Is there a method other than reprojecting (unprojecting), getting a search cursor on the new feature class, finding the feature, then getting the lat/lon off the feature's shape?

0

7 Answers 7

10
+50

Most of the other answers were all posted when ArcGIS 10.0 was the latest software. At ArcGIS 10.1 much new ArcPy functionality became available. This answer takes advantage of that new functionality. It will not be suitable for 10.0 but offers increased performance and functionality for 10.1 and later.

import arcpy

input_feature_class = 'C:\your_feature_class.shp'
wkid = 4326 # wkid code for wgs84
spatial_reference = arcpy.SpatialReference(wkid)

fields_to_work_with = ['SHAPE@']

with arcpy.da.SearchCursor(input_feature_class,
                           fields_to_work_with) as s_cur:
    for row in s_cur:
        point_in_wgs84 = row[0].projectAs(spatial_reference)
        print point_in_wgs84.firstPoint.X, point_in_wgs84.firstPoint.Y

This code snippet uses the wkid to create a spatial reference object rather than typing out a string representation, uses the more modern data access cursors, and projects the individual geometry objects using the projectAs() method.

2
  • nice answer.
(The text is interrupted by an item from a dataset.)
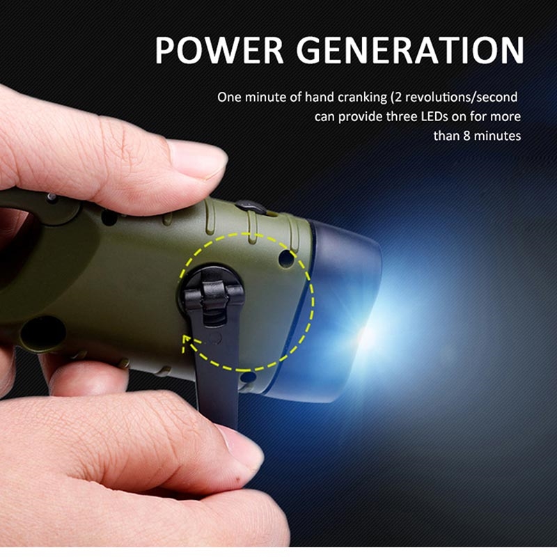 This flashlight is meticulously crafted to excel in both versatility and resilience, seamlessly harnessing the power of solar and hand-crank charging to ensure uninterrupted illumination precisely when it's needed most. Powered by a 40mAh battery capacity, this flashlight provides enduring light to guide you through your adventures. Equipped with three LED lamp heads, it offers two lighting modes: white light and strong light – and a brightness of 13lm.

I would simply suggest to switch X and Y in the print, because in WGS84 the common order is lat/long
    – radouxju
    Commented Jun 19, 2018 at 12:44
  • even simpler, just do this. srs = arcpy.SpatialReference(4326) xy_coords = arcpy.da.FeatureClassToNumPyArray(input_feature_class, 'SHAPE@XY', spatial_reference=srs) print(xy_coords)
    – dfresh22
    Commented Feb 22, 2019 at 0:57
6

The SearchCursor supports specifying a spatial reference- in this case, you'd want a Geographic Coordinate System, such as WGS 1984. Then you iterate through the cursor and grab the x & y from the shape, see here.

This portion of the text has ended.